Julie poured herself a tall glass of icy-cold juice, gulped it down and refilled the glass.

“Mind if I take a look at your food diary?” I asked. “Maybe I can spot what’s wrong.”

Julie opened the drawer of her kitchen desk and took out a spiral notebook. I began reading the pages. “Do you have orange juice every day after our walk?” I asked. Julie nodded. “How come you didn’t write it down?”

“I guess I never thought about writing down what I drink. I only write down what I eat.”

I peered at the nutrition label printed on the side of the juice carton. “Look at this, girlfriend,” I said. “Eight ounces of orange juice has 120 calories. Calories you didn’t write down in that diary.”

“But orange juice is so good for you,” Julie said. “I usually have two glasses after I exercise. Three if I’m extra thirsty.”
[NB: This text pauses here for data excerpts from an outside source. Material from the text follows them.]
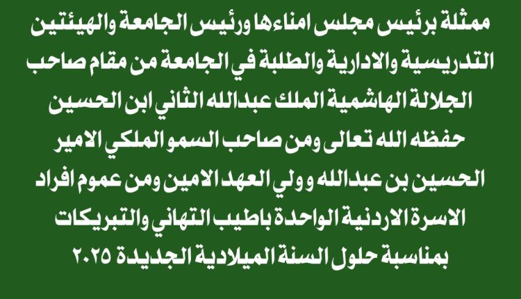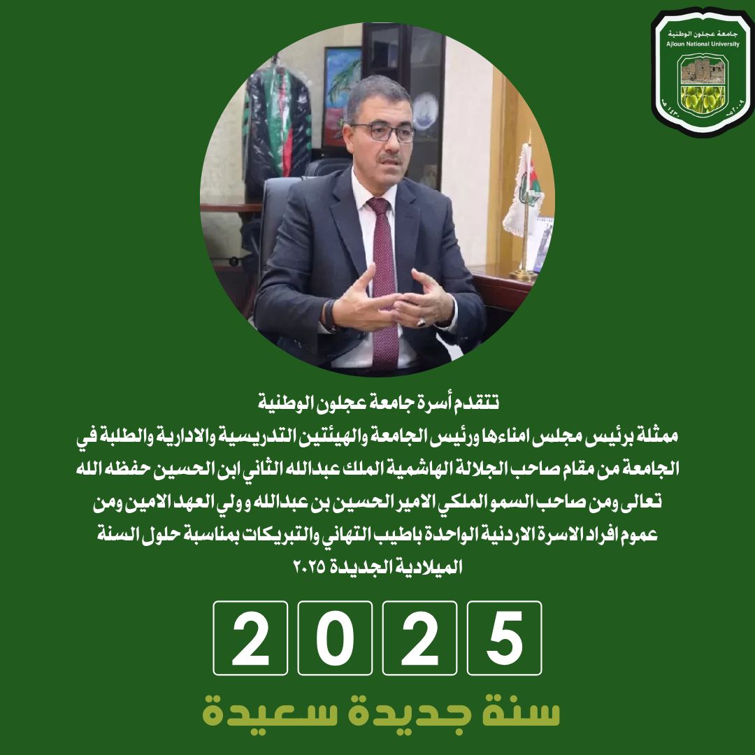 جامعة عجلون الوطنية تهنىء بمناسبة حلول العام الجديد ( 2025)أخبار جامعة عجلون الوطنيةأخبار عجلونية آخر تحديث يناير 5, 2025 =أكمل القراءة شارك
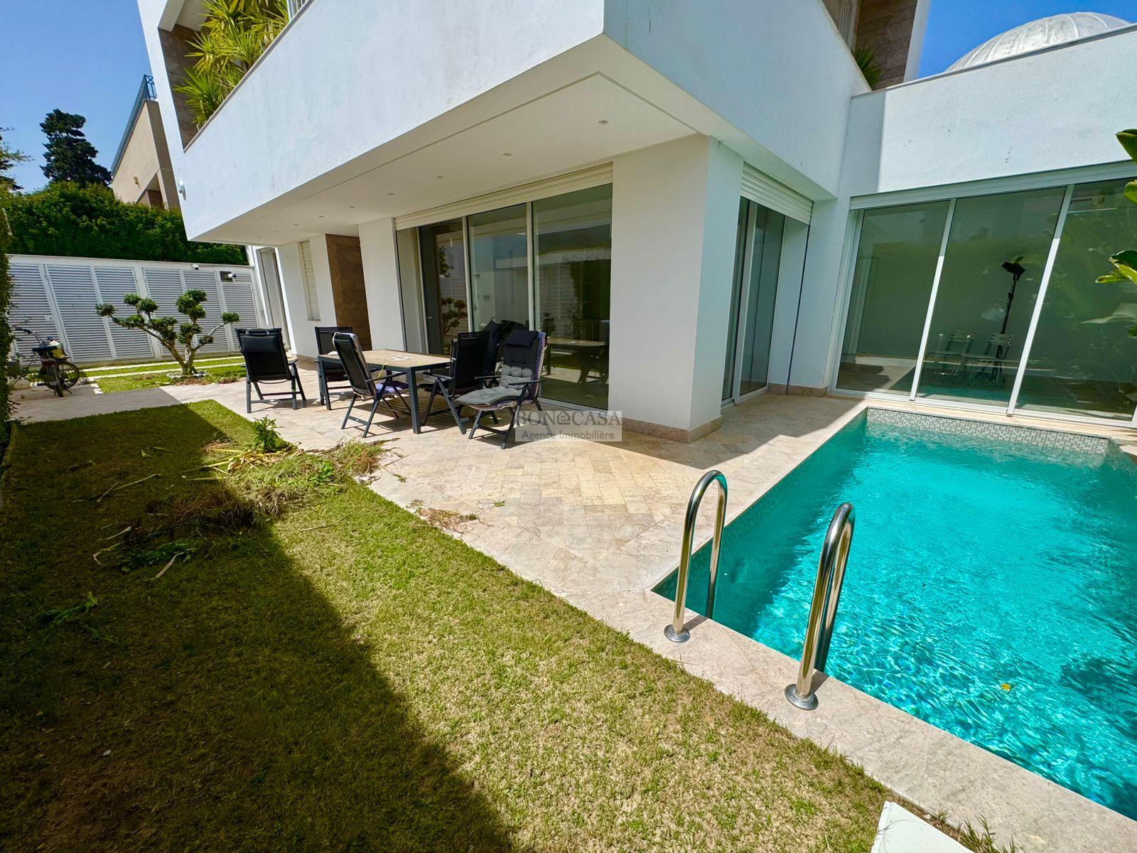 BONACASA vous propose à la location une luxueuse villa située dans résidence calme et bien gardée. Le rez-de-chauss ...
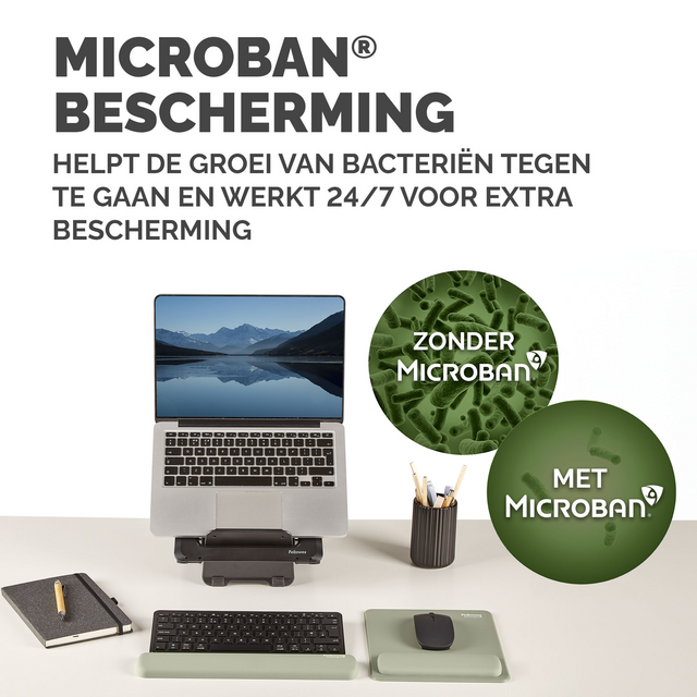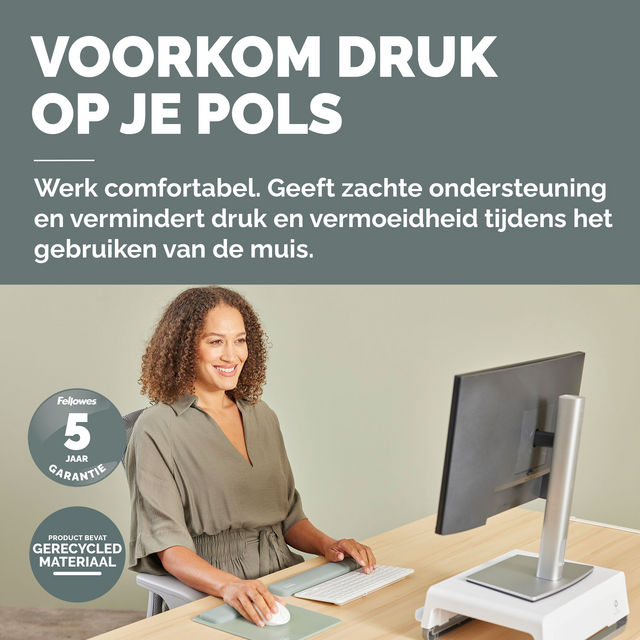 De HEX Cushion Technology™, waarvoor patent is aangevraagd, zorgt voor een gelijkmatige ondersteuning en supercomfort tijdens het muisgebruik. De zachte, stofwerende polssteun heeft een mooie afwerking en zorgt voor een soepele muiservaring. De ingebouwde Microban®-bescherming helpt de groei van bacteriën tegen te gaan en werkt 24/7 voor extra bescherming van het product. Bescherm je bureau en verbeter de prestaties van je muis met deze muismat die geschikt is voor optische en lasermuizen. Gemaakt van 69% gerecycled materiaal en 100% recyclebaar met het terugnameprogramma van Fellowes. Gemaakt om lang mee te gaan met 5 jaar beperkte garantie. Getest door FIRA International Ltd om te voldoen aan de ergonomische eisen van de Europese gezondheids- en veiligheidswetgeving: EN ISO 9241-5.
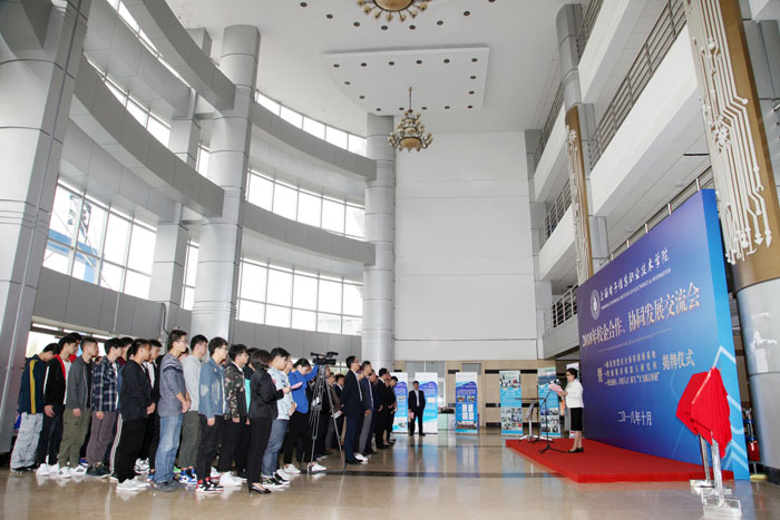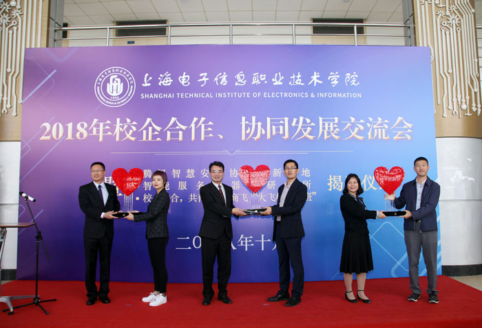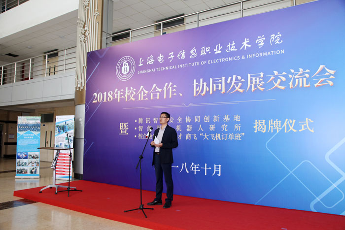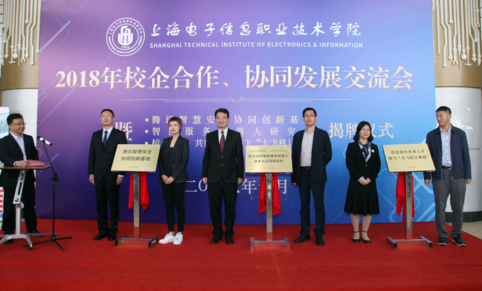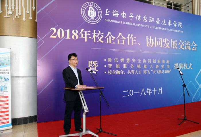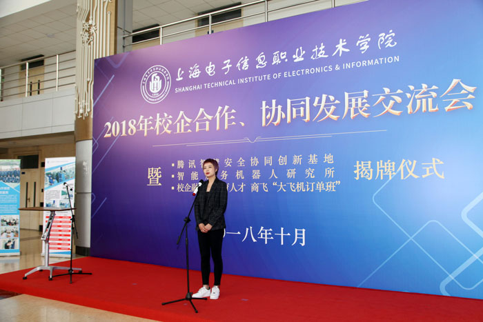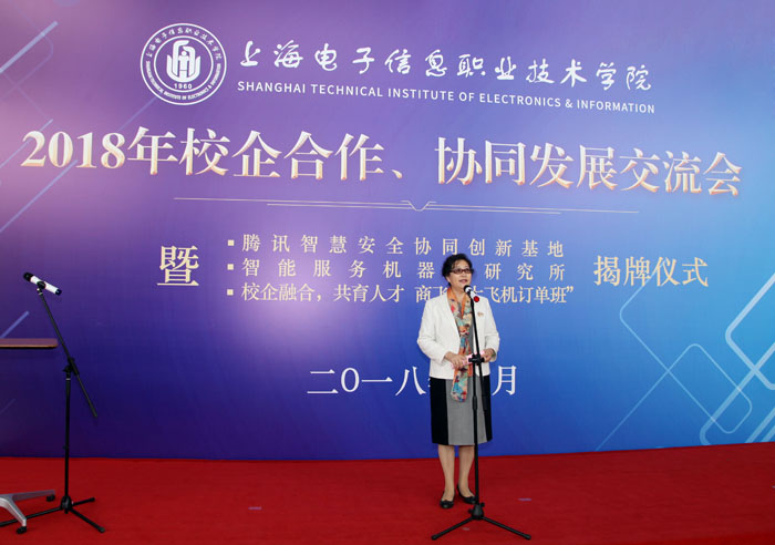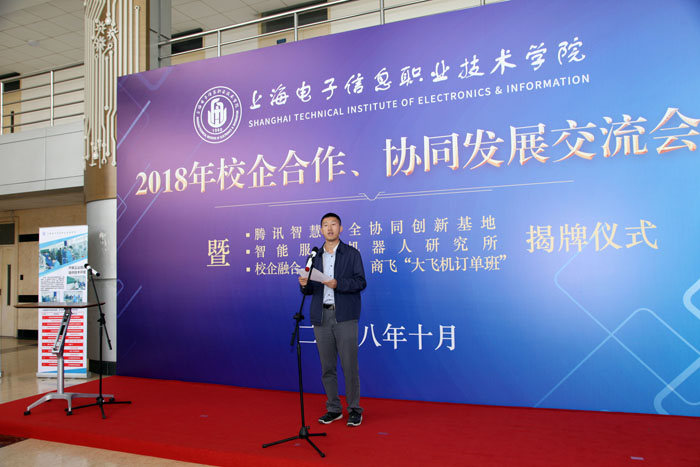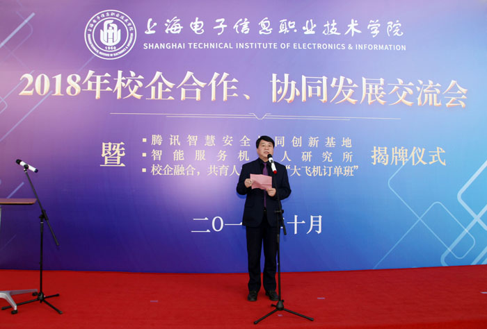 10月26日上午,上海电子信息职业技术学院2018年校企合作、协同发展交流会暨腾讯智慧安全协同创新基地、智能服务机器人研究所、校企融合,共育人才——商飞“大飞机订单班”揭牌仪式在奉贤校区实训中心N楼一楼大厅隆重举行。中国商飞上海飞机制造有限公司、腾讯公司、中国人工智能学会、浙江大学、上海交通大学、上海天辰智能科技有限公司等单位的领导和专家,学校党委书记田钦,党委副书记、校长杨秀英,党委副书记、副校长顾剑锋,副校长窦争妍、副校长张涛,以及各二级学院的领导出席会议。会议由校企合作处处长李晓峰主持,商飞“大飞机订单班”学生以及中德工程学院留学生代表共同见证了此次活动。
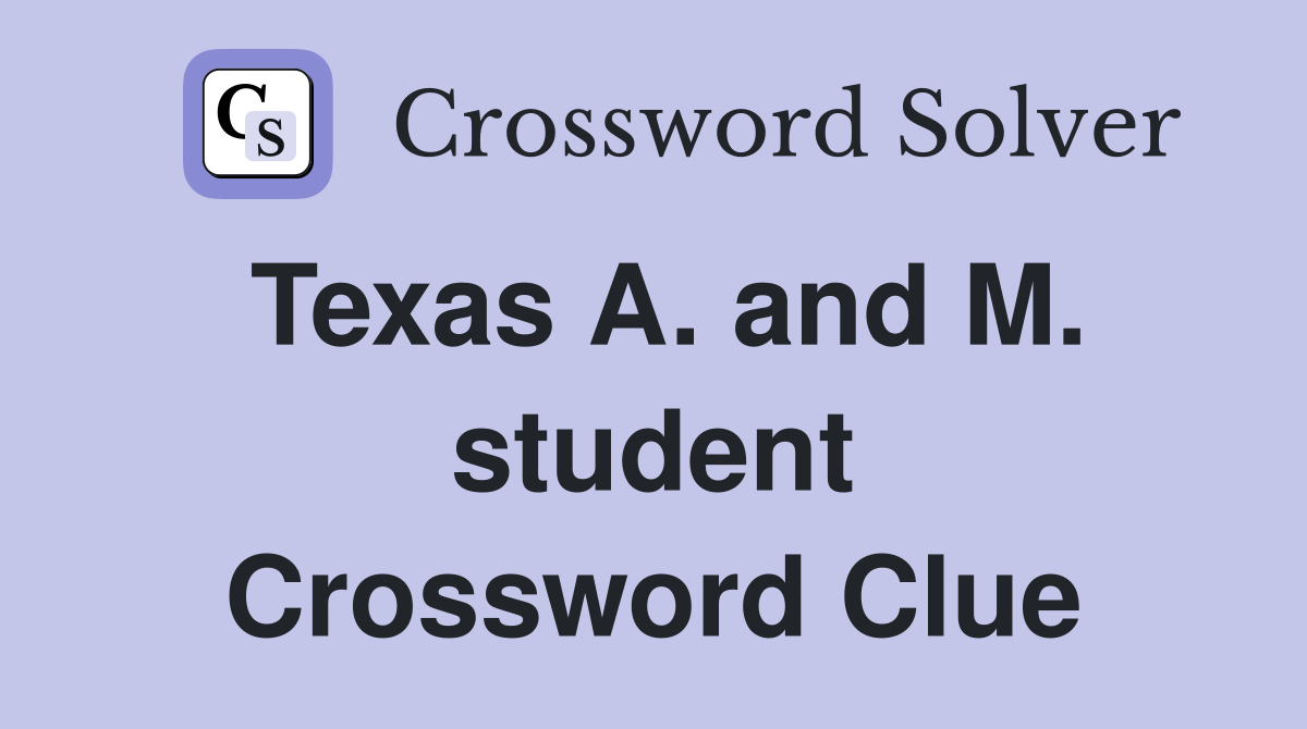 Texas A and M student Crossword Clue Answers Crossword Solver
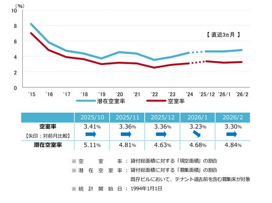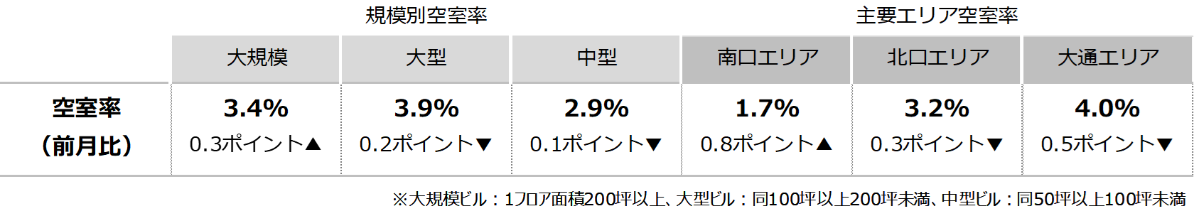 空室率は前月比プラス0.07ポイントの3.30%となり、前月から小幅に上昇した。新築ビルがまとまった面積の空室を抱えて竣工し、主な上昇要因となっている。エリア別では「南口」が前月比プラス0.8ポイントの大幅な上昇となった。潜在空室率は前月比プラス0.16ポイントの4.84%だった。

“That means you’re taking in more calories than you burned up during the walk,” I said. “And that’s before you eat a bite of breakfast.”

“But think of all the vitamin C.”

I picked up a calorie chart that was lying on the kitchen counter and flipped to the fruit and vegetable section. “An average-size orange has only sixty calories,” I read, “and fiber that the juice doesn’t have. You’d be way ahead to drink water for your thirst and eat an orange for your vitamin C.”

“I can’t believe that never dawned on me,” Julie said, a stunned look on her face.

“Let’s do this,” I told her. “You try to remember everything you had to drink yesterday, and I’ll look up the calories.”

“Two cups of coffee.”

“Black?”

“No. Both cups had a big splash of flavored creamer.”

“Would you say two tablespoons?”

Julie nodded.

“That’s seventy calories per cup.Write down 140 in your diary. What else?”

Julie began reconstructing what she’d had to drink the day before. There had been cereal with whole milk for breakfast, a can of cola for a midmorning pick-me-up, another when her energy began to sag late in the afternoon and bottled water with lunch.

“What about dinner?”

“Two slices of thin-crust veggie pizza.”

“That’s in here,” I told her, studying the diary. “What did you wash it down with?”

“A wine cooler. Strawberry.”

“Did you have anything to drink after dinner?”